== SUPPLIED INFORMATION ==

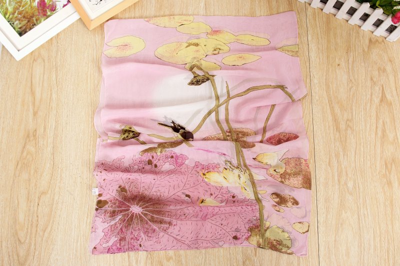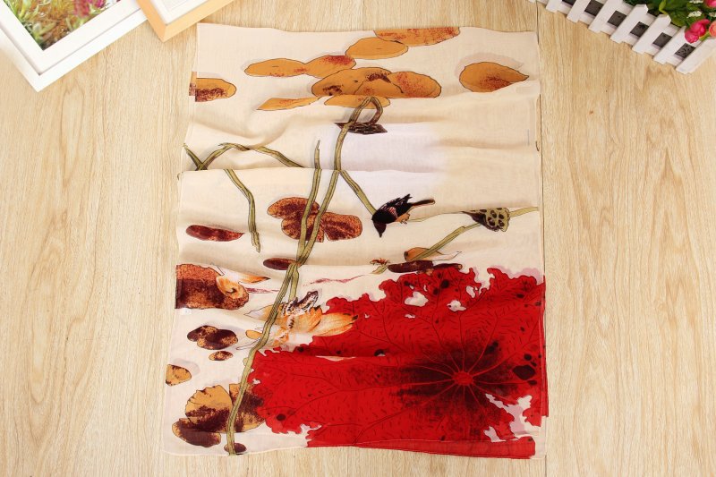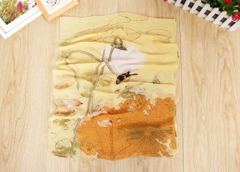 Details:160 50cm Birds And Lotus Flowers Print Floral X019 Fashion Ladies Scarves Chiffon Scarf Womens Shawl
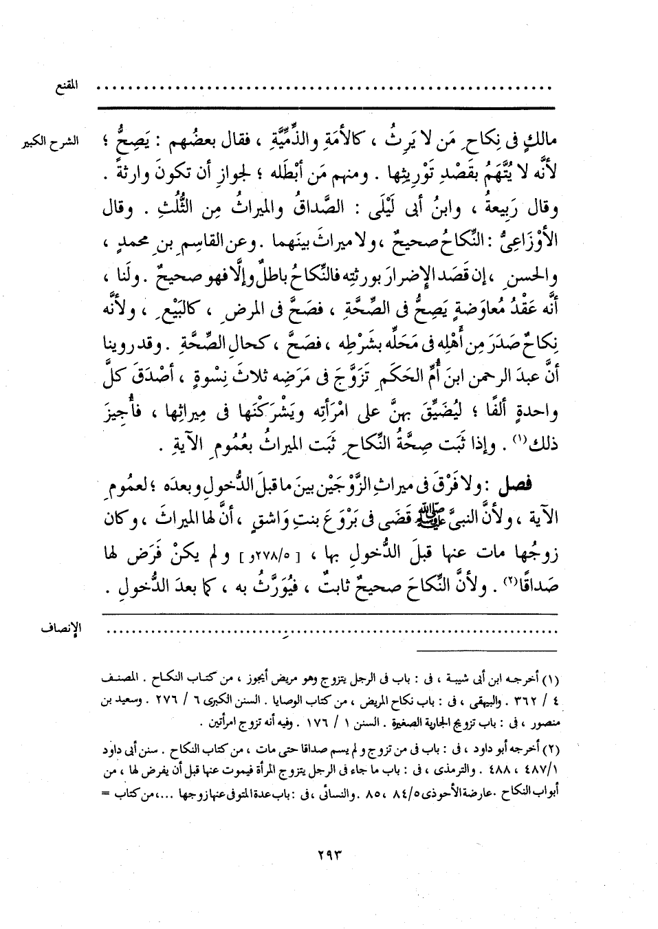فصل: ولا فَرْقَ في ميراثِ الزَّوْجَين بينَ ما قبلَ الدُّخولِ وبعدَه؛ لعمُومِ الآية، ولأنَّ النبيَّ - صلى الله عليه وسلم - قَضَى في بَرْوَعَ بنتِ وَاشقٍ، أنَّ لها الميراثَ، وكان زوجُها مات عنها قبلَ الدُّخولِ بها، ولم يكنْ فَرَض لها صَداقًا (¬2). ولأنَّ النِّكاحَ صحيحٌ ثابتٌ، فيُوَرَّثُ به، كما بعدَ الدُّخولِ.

===
== SUPPLIED INFORMATION ==

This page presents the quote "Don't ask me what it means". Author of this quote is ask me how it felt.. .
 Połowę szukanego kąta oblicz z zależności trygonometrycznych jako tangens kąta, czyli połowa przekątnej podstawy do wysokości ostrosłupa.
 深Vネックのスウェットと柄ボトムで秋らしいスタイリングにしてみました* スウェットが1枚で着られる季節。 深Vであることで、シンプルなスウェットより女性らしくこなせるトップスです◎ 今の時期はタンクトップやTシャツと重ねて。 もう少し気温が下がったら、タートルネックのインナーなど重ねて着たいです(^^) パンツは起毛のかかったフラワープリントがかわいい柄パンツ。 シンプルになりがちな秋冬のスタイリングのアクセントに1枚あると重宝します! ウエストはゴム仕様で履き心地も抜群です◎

===

→ **PROBLEM TO WORK ON**: Above are the records; please give again, exactly and in full, only the lines that run from the line with "Details:160 50cm Birds" through the line with "فصل: ولا فَرْقَ", with no pictures.

→ **RESPONSE BELOW**:
 Details:160 50cm Birds And Lotus Flowers Print Floral X019 Fashion Ladies Scarves Chiffon Scarf Womens Shawl
فصل: ولا فَرْقَ في ميراثِ الزَّوْجَين بينَ ما قبلَ الدُّخولِ وبعدَه؛ لعمُومِ الآية، ولأنَّ النبيَّ - صلى الله عليه وسلم - قَضَى في بَرْوَعَ بنتِ وَاشقٍ، أنَّ لها الميراثَ، وكان زوجُها مات عنها قبلَ الدُّخولِ بها، ولم يكنْ فَرَض لها صَداقًا (¬2). ولأنَّ النِّكاحَ صحيحٌ ثابتٌ، فيُوَرَّثُ به، كما بعدَ الدُّخولِ.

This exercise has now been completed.